4. The method for computing the high order multipole distances of atoms in the predicted RNA based on the ARDGPR model according to claim 1, wherein the selecting the remaining small molecule fragments from the dataset, verifying the prediction result of the ARDGPR model by the high order multipole distances of each atom in the small molecule fragments comprises the steps of:

selecting the rest small molecular fragments, and obtaining the high-order multipole distance of atoms in each small molecular fragment through AIMALL software integral calculation, and marking the high-order multipole distance as a parameter A: the corresponding high-order multipole distance obtained through ARDGPR model prediction is recorded as a parameter B; taking the parameter A as a true value, taking the parameter B as a predicted value, and verifying a predicted result through analyzing an error result.

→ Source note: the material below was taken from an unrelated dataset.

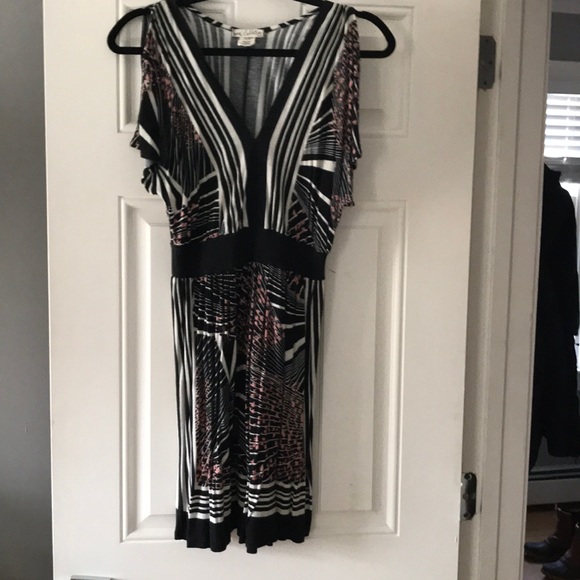 Short sleeve, cold shoulder sundress. Feels super light and airy. EUC

5. The method for computing the high order multipole distances of atoms in the predicted RNA based on the ARDGPR model according to claim 1, wherein the selecting the remaining small molecule fragments from the dataset, the predicting result of the ARDGPR model can be verified by computing the interatomic electrostatic interactions, comprises the steps of:

selecting the rest small molecular fragments, and calculating the interatomic electrostatic interaction energy C by using quantum mechanical calculation software GAUSSIAN09 through a true value A;

according to a parameter B predicted by the ARDGPR model, obtaining an interatomic electrostatic interaction energy D through program calculation;

6. The method of claim 1, wherein the selecting the remaining small molecule fragments from the dataset, comparing the ARDGPR model to the argpr model by evaluating the performance of four machine learning models Bagging, RBFNN, GRNN and GPR trained using the same training set on the test set comprises the steps of:

training Bagging, RBFNN, GRNN and GPR four machine learning models using the same training dataset as the construction of the ARDGPR model;

selecting the rest small molecular fragments as a test set, and marking the high-order multipole distance of atoms in the rest small molecular fragments as a parameter E according to the prediction of Bagging, RBFNN, GRNN and GPR four machine learning models;

7. The method for computing the high order multipole distance of an atom in predicted RNA based on the ARDGPR model according to any one of claims 1 to 6, wherein the small molecule fragment comprises: phosphoric acid molecules, pentose molecules, four base molecules, phosphoric acid-pentose molecules, four pentose one base molecules, nucleotide molecules and two nucleotide molecules that are base-paired.

8. The method of computing an atomic higher order multipole moment in RNA based on the ARDGPR model according to any of claims 1-6, wherein the higher order multipole moment comprises a point charge, dipole moment, quadrupole moment, octapole moment and sixteen pole moment.